Previously, we have described a fully automated HDX system to probe conformational changes induced by ligand binding to PPARγ LBD.35–37 This work demonstrated that we could detect changes in amide exchange rate upon binding of full and partial agonists of PPARγ. Subsequent work compared the HDX data for a set of full and partial agonists with the corresponding X-ray structures (Structure, in press). It was demonstrated that ligand binding altered the dynamics of the receptor without significant changes to the overall structure of PPARγ LBD as measured with X-ray crystallography. Although HDX data has been acquired for the binding of synthetic ligands to PPARγ, no data has been reported for endogenous ligands such as prostaglandin J2 and oxidized lipids. After our initial HDX studies examining ligand binding to PPARγ, a number of improvements to the HDX experiment have been reported in the literature, such as the demonstration of the utility of sub-2-μm stationary phases in HDX MS experiments.38
In the work described here, our initial focus was on the reduction of systematic errors in differential HDX experiments. Improvements to the efficiency of the chromatography step via the use of HPLC columns packed with sub-2-μm particles have been incorporated into our automated HDX system. Subsequent to these improvements, we developed a two-step HDX method that can be used to probe ligand-induced changes to the dynamics of the PPARγ ligand-binding pocket. Five comprehensive differential HDX experiments were interrogated to identify a single on-exchange time point that reflects the maximum difference between apo- and ligand-bound HDX rates. A higher throughput, single-time-point, HDX method was then developed. In this current configuration of the experiment, less than 3 h of instrument time is required to complete the entire differential HDX experiment, as compared to approximately 1 d with our previous approach. The analysis of six synthetic and four endogenous ligands was completed in approximately 24 h. To obtain the equivalent data from a comprehensive experiment would have required around 10 d of instrument time. In addition, this work describes the first HDX data of a nuclear receptor bound to endogenous ligands. Based on our preliminary data for the estrogen receptor (ER), liver X activated receptor (LXR), and protein kinases, this two-step approach appears to be applicable to the characterization of other protein-ligand interactions.
PPARγ-LBD was purified in house. The PPARγ ligands MRL-20, MRL-24, and BVT.13 were synthesized in house using previously described chemical strategies.12 GW1929 and 15-deoxy-prostaglandin-J2 were purchased from Sigma (St. Louis, MO). MCC-555, 9(S)-HODE, 13(S)-HODE, and 15(S)-HETE were purchased from Cayman Chemical (Ann Arbor, MI). Rosiglitazone was purchased from ChemPacific Corp., MD. Each ligand was prepared as a 10 mM stock in DMSO.
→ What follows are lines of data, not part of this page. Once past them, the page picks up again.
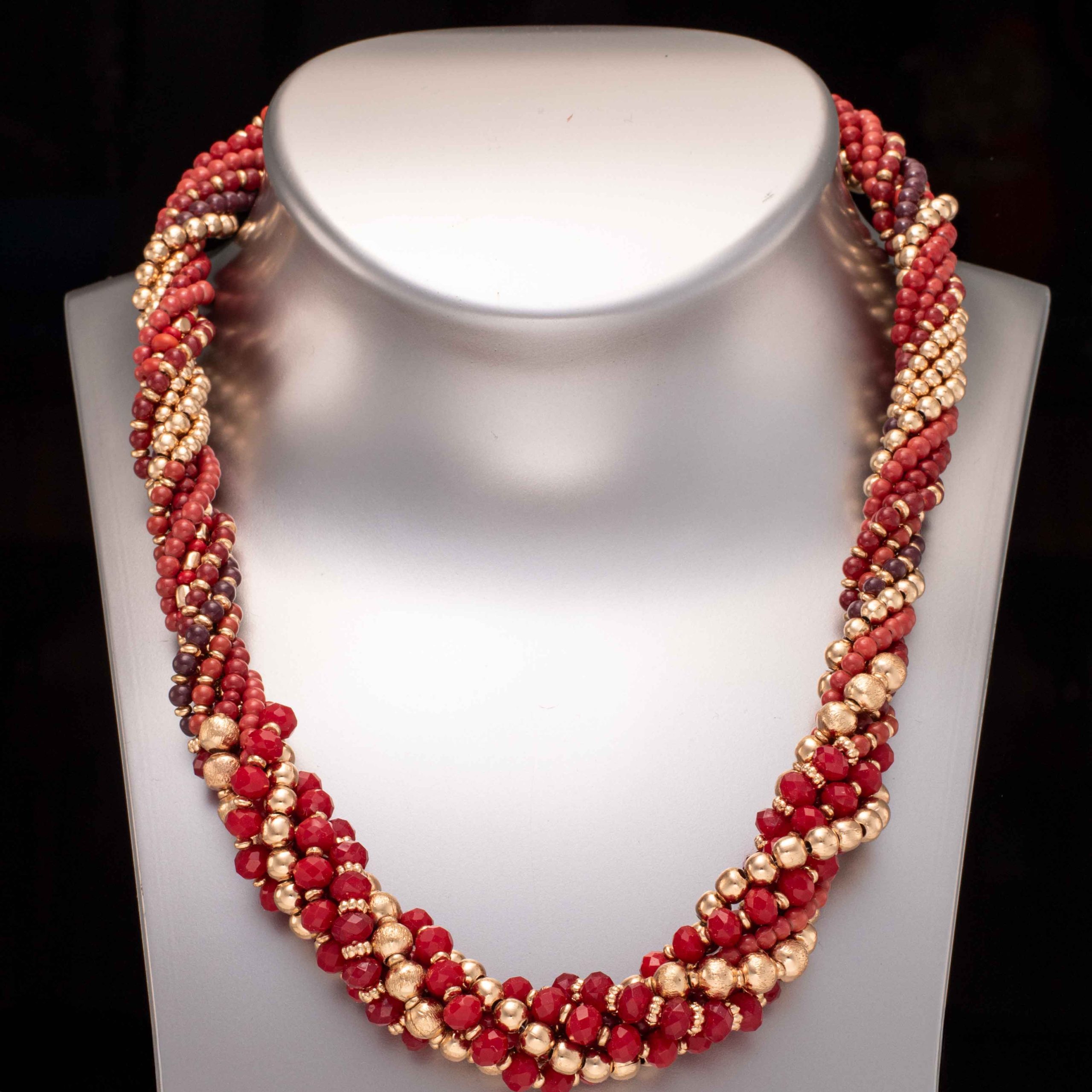 Bijouteri: Collier med runde og fasetterte kuler. Delvis glass, akryl / plast og uedelt metall. Hummerklolås. Sent 1900- til tidl. 2000-tallet.
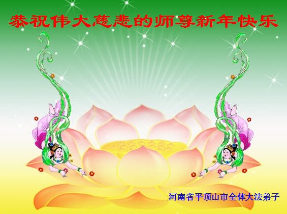 师父,新年好! 师父,辛苦了!祝愿师父新年快乐! 河南省新野县全体大法弟子向师父叩拜合十 |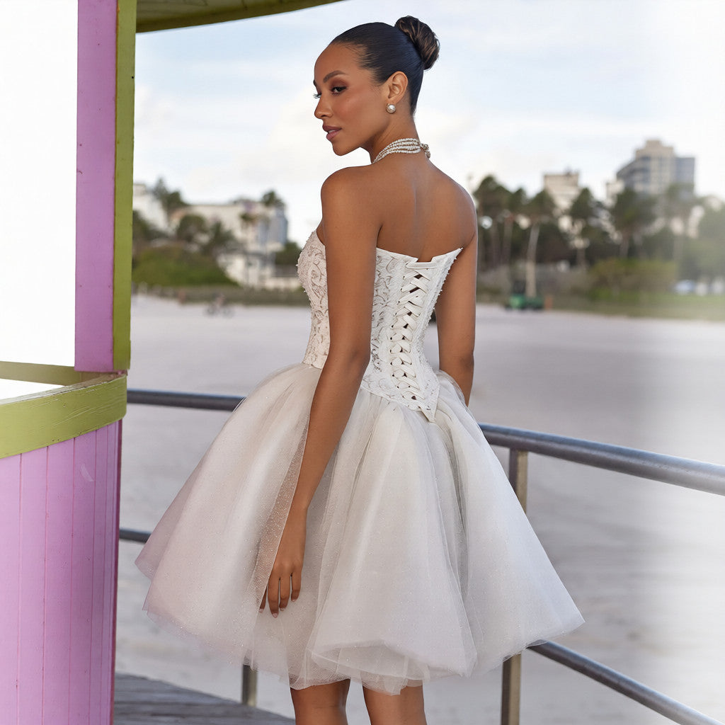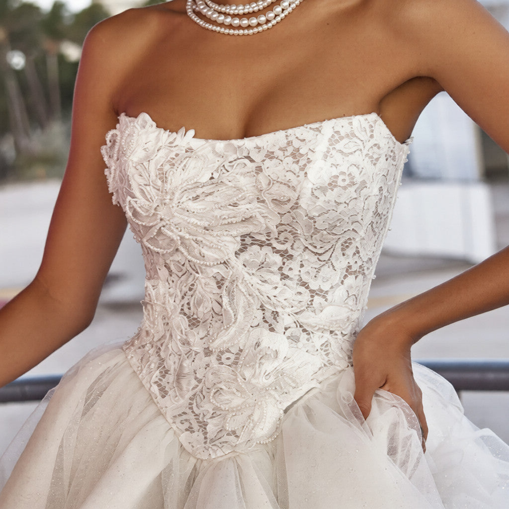 Un design stylé qui arbore un corset structuré, embelli de dentelle appliquée et de petites perles, doté d'un beau décolleté arrondi qui met en valeur la poitrine et d'une taille basque qui affine la silhouette. Le laçage au dos ajoute une touche délicate d'élégance raffinée.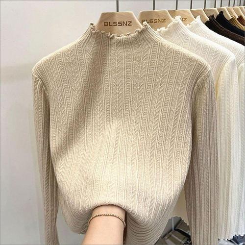 여성 페미닌 프릴 반목티 하프넥 긴팔니트 슬림핏 이너 WFL8U00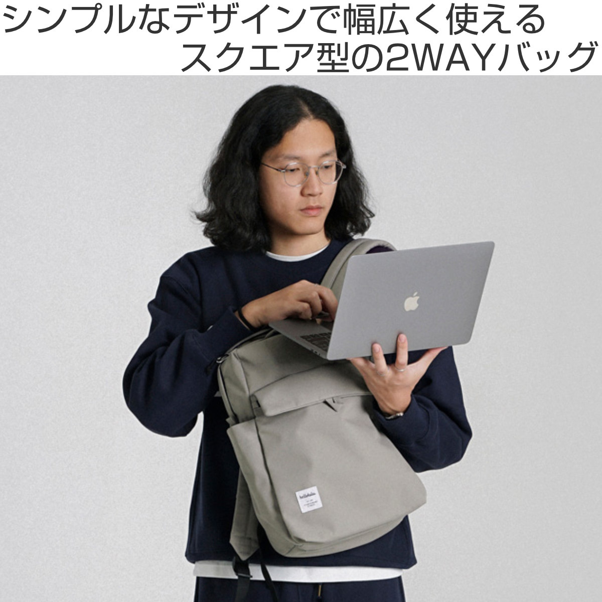 容量約13Lとたっぷり入るスクエア型のバックパックです。持ち手が付いた2WAY仕様なので、背負わない時も持ち運びしやすいです。16インチのノートPCが入る大きさなので、普段使いから通勤通学まで幅広く使えます。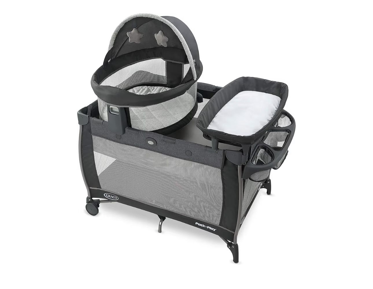 Graco Pack n Play Dome LX Playard with Baby Bassinet, Lightweight Portable Crib, Push-Button Fold Travel Crib, Redmond, Convertible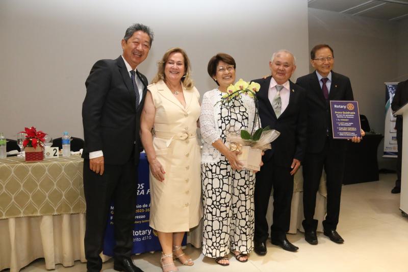 Destaque da noite foi a integração oficial do médico Dr. Perícles Otani e de sua esposa, Elisa Otani, ao quadro social. O casal passou a fazer parte tanto do Rotary Club quanto da Casa da Amizade, instituição ligada ao grupo. A recepção foi realizada pelo casal presidente para o próximo ano rotário (2025-2026), Sérgio Itio Turuta e Lucimar Turuta, que comandaram os trabalhos da noite especial.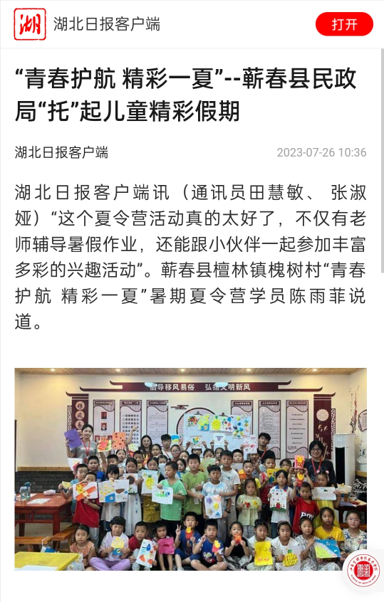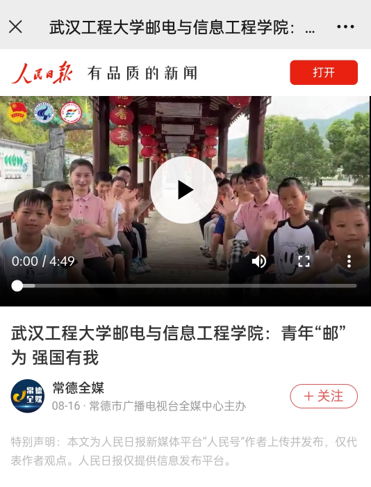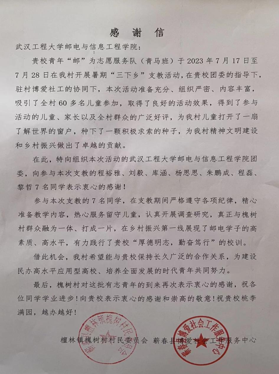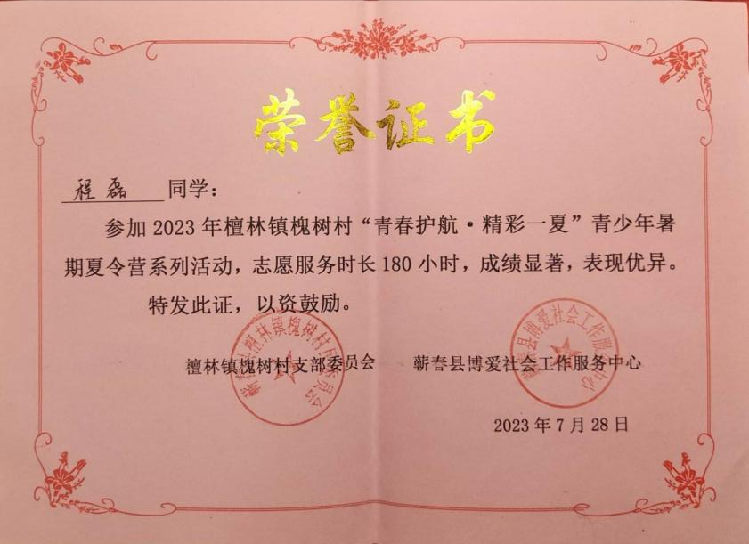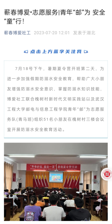 程磊,2020级电气工程及其自动化(兴发基地班)员工,第四党支部入党积极分子。2023年7月17日至2023年7月28日,跟随青年“邮”为志愿服务队(青马班)在蕲春县檀林镇槐树村幸福之家开展了为期15天的“七彩假期”志愿服务活动,老员工志愿者们化身小老师,用蓬勃朝气与青春热情打消孩子们的陌生与不安,用贴心陪伴与细心关怀赢得孩子们的信任与真情。志愿服务队聚焦“红色文化·铸魂、乡村文明·共享、艺术文化·传承”等主题,开设了朗诵、绘画、合唱、手工、劳动、普法、安全教育等多样课程,让孩子们沉浸式体验德智体美劳全面发展的“七彩假期”。服务事迹被人民日报,学习强国,湖北日报,湖北高校思政,檀林发布,蕲春博爱社工等多家媒体报道。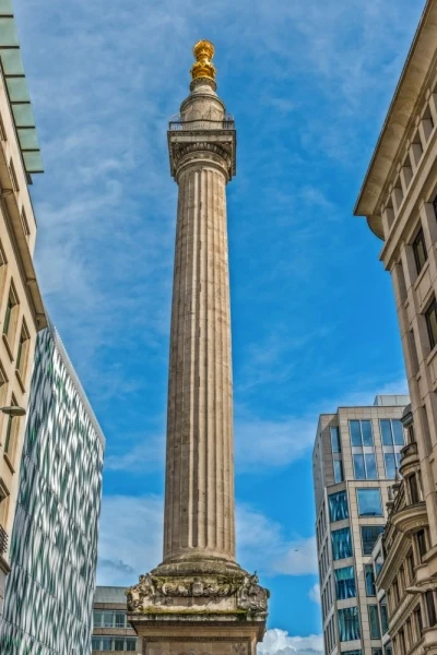 After the devastation of the Great Fire of London in 1666, Parliament passed a law that a monument should be erected on or near the place that the fire started at a bakehouse in Pudding Lane. To this end, Sir Christopher Wren was retained to design a column, or pillar, to commemorate the fire and the great losses incurred by the city. The result is the London Monument, or, as it is more properly termed, simply 'Monument'.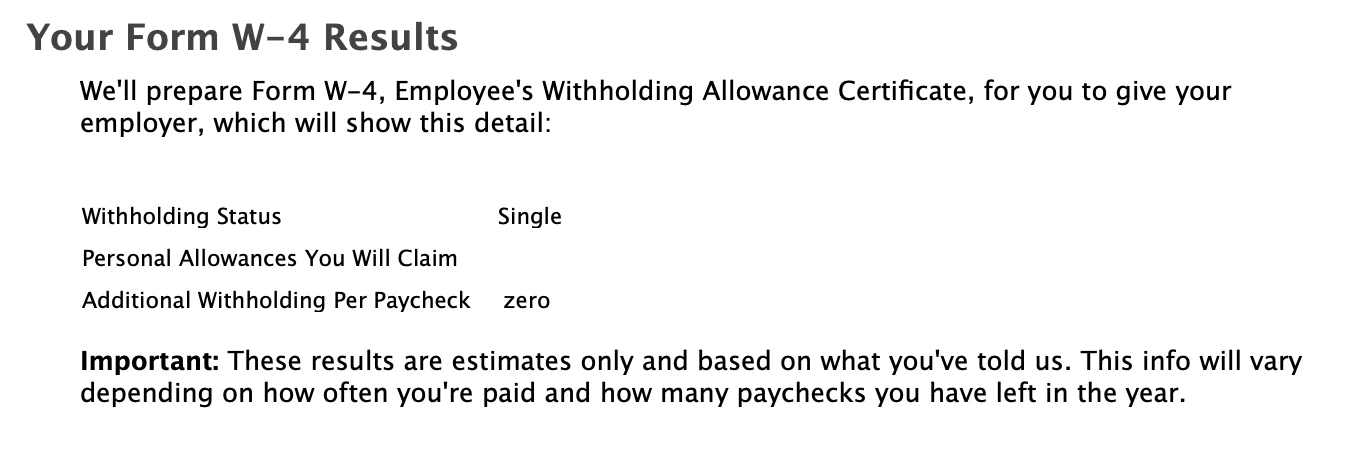 You can click through that section. TurboTax will generate a ES & W4 Worksheet. But you don't have to do anything with it. Nothing will be changes unless you print out the form, sign it and give it to your employer. So, you can delete it from your forms list if you don't need it, or throw it in the trash if it prints.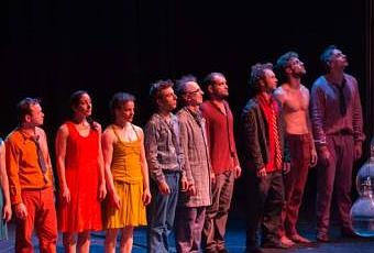Parmi les numéros individuels on reste suspendus aux gestes de l’artiste, tandis qu’il joue avec notre perception et notre attention. Ainsi donc dès le début nous sommes entrainés par Diane-Renée, formidable danseuse et accrobate, qui nous enjoint à la suivre au fil de ses pas de flamenco, plus haut dans les hauteurs de son trapèze. Avec grace, elle transforme un simple tissu en jupe ondoyante, dans le mouvement circulaire qu’elle impulse. Nous retenons tout autant notre souffle pendant le numéro magnifique d’équilibriste de Marie-Eve Dicaire, puis suivent ceux de Molly Saudek, funambule et ceux très poétiques de Sandrine Juglair perdue dans des dunes de toile souple, ou du haut de son mât chinois.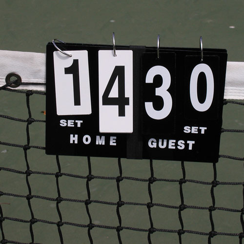 Portable scorecard that sits on top of the net.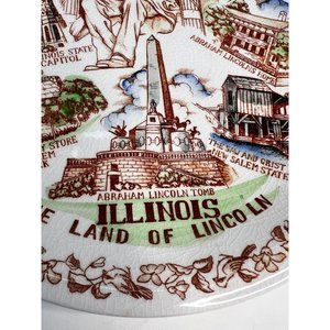 Nikko Ironstone Vintage Illinois State Plate Land of Lincoln 11- inch White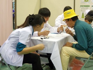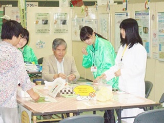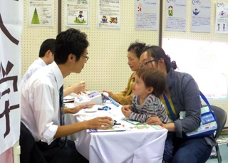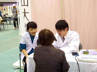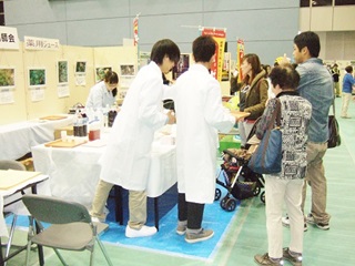 上記の活動に加えて、同会場の福山市薬剤師会ブースでは、福山市薬剤師会会長で福山大学薬学部の客員教授である 村上教授の指導のもとに、本学薬学部1年生が活躍していました。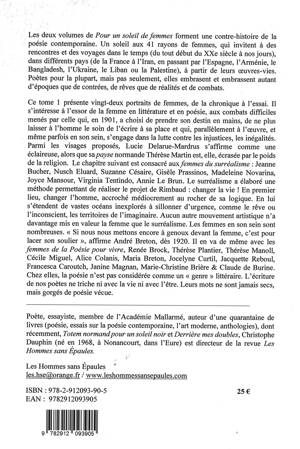 Les deux volumes de Pour un soleil de femmes, forment une contre-histoire de la poésie contemporaine. Un soleil aux 41 rayons de femmes qui invitent à des rencontres et des voyages dans le temps (du tout début du XXe siècle à nos jours), dans différents pays (de la France à l’Iran, en passant par l’Espagne, l’Arménie, le Bangladesh, l’Ukraine, le Liban ou la Palestine), à partir de leurs œuvres-vies. Poètes pour la plupart, mais pas seulement, elles embrasent et embrassent autant d’époques que de contrées, de rêves que de réalités et de combats.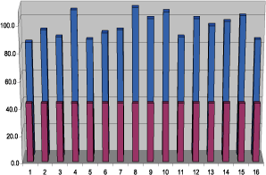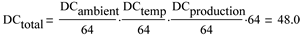 從上可見,運(yùn)用48的組合點(diǎn)校正值即可得到56mcd的期望亮度。請注意,由于溫度引起亮度下降,故本計算中的起始電流被設(shè)置為起始生產(chǎn)電流的90%。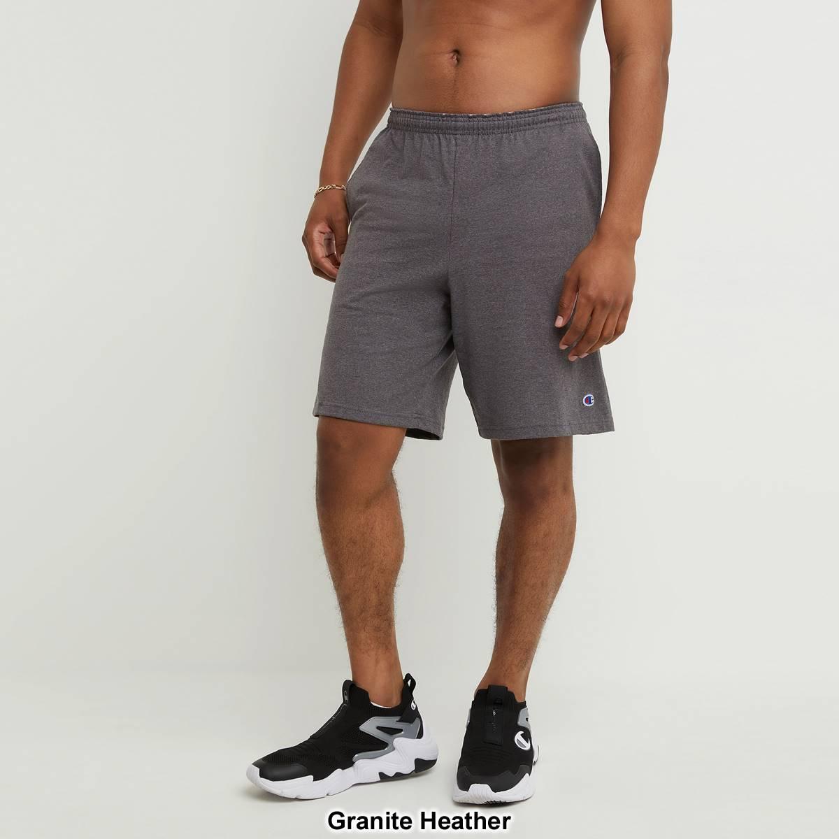 Description These Mens Champion® active shorts have an elastic waistband, side pockets, and a 9-inch inseam. Black and Navy 100% Cotton. Granite Heather 60% Cotton, 40%...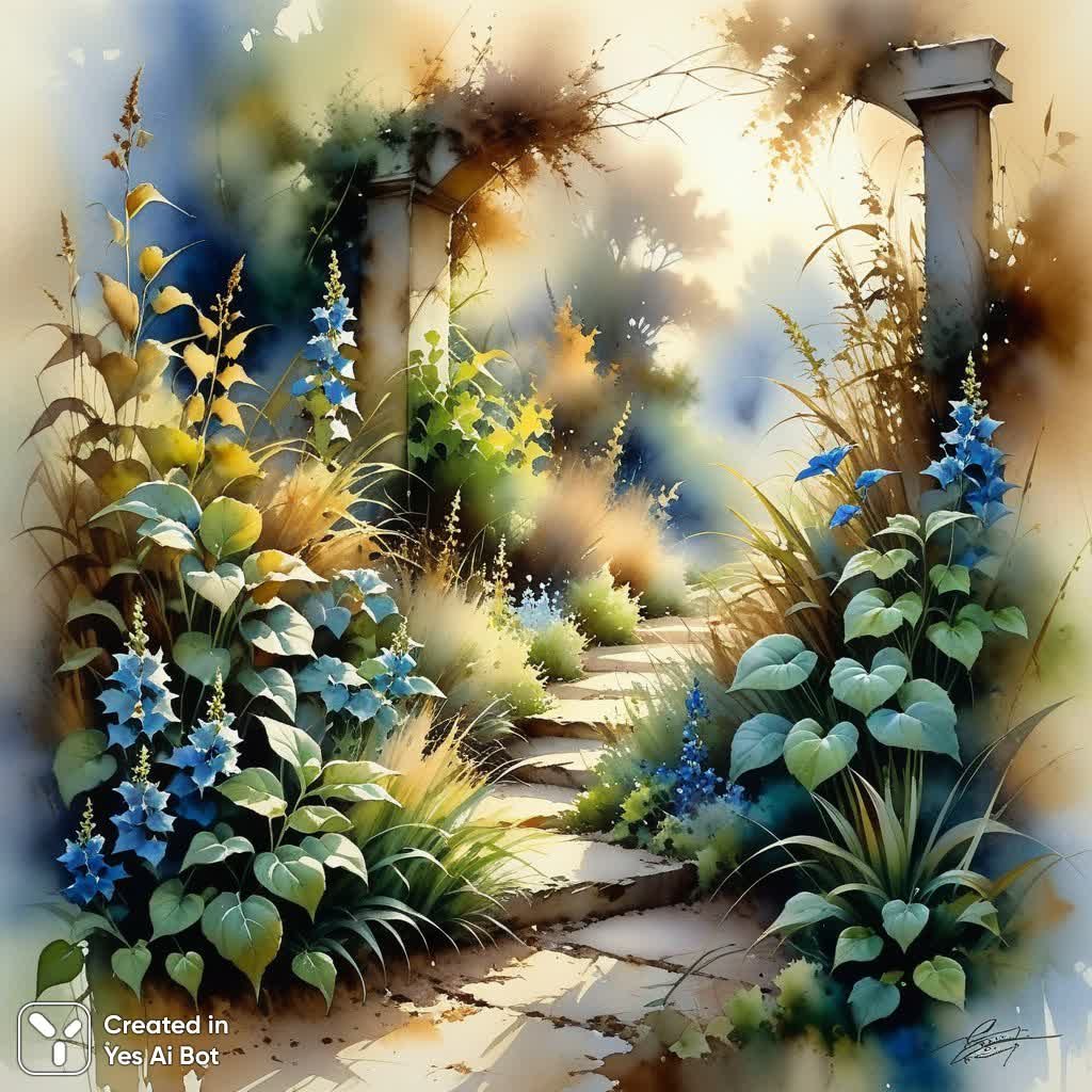 stable diffusion Заброшенный сад в стиле Ли Богла: акварельный туман и приглушенные тона. Картинка из нейросети Stable Diffusion

Protein dilution buffer (H2O or D2O) was 20 mM Tris-Cl (pH 7.9), containing 100 mM KCl, and 1 mM DTT. Quench solution was 3 M urea in 0.5% aqueous trifluoroacetic acid (TFA). All other chemicals and solvents were purchased from Sigma (St. Louis, MO). For protein:ligand experiments, protein stock solutions (10 μM) were incubated with ligand solution (200 μM) for 3 h at 25°C. Solution-phase HDX was performed with a fully automated system constructed around a LEAP Technologies Twin PAL HTS autosampler (LEAP Technologies, Carrboro, NC) interfaced with a linear ion trap mass spectrometer (Thermo Finnigan, San Jose, CA).36 Four microliters of a 10 μM protein solution was diluted to 20 μL with D2O dilution buffer and incubated at 25°C for the following periods of time; 1 sec, 30 sec, 60 sec, 900 sec, and 3600 sec. Following on-exchange, unwanted forward or back exchange was minimized by dilution to 50 μL with quench solution (held at 1.5°C). Sample was then passed across an immobilized pepsinogen column (prepared in house39) at 200 μL/min (0.1% TFA, 2°C), and the resulting peptides were trapped onto a C8 trap cartridge (Microm Bioresources, Auburn, CA). Peptides were then gradient eluted (4% CH3CN to 40% CH3CN, 0.3% formic acid over 20 min, 2°C) across a 50 mm × 2.1 mm analytical column (3 μm Hypersil Gold, ThermoFisher Scientific) directly into the mass spectrometer.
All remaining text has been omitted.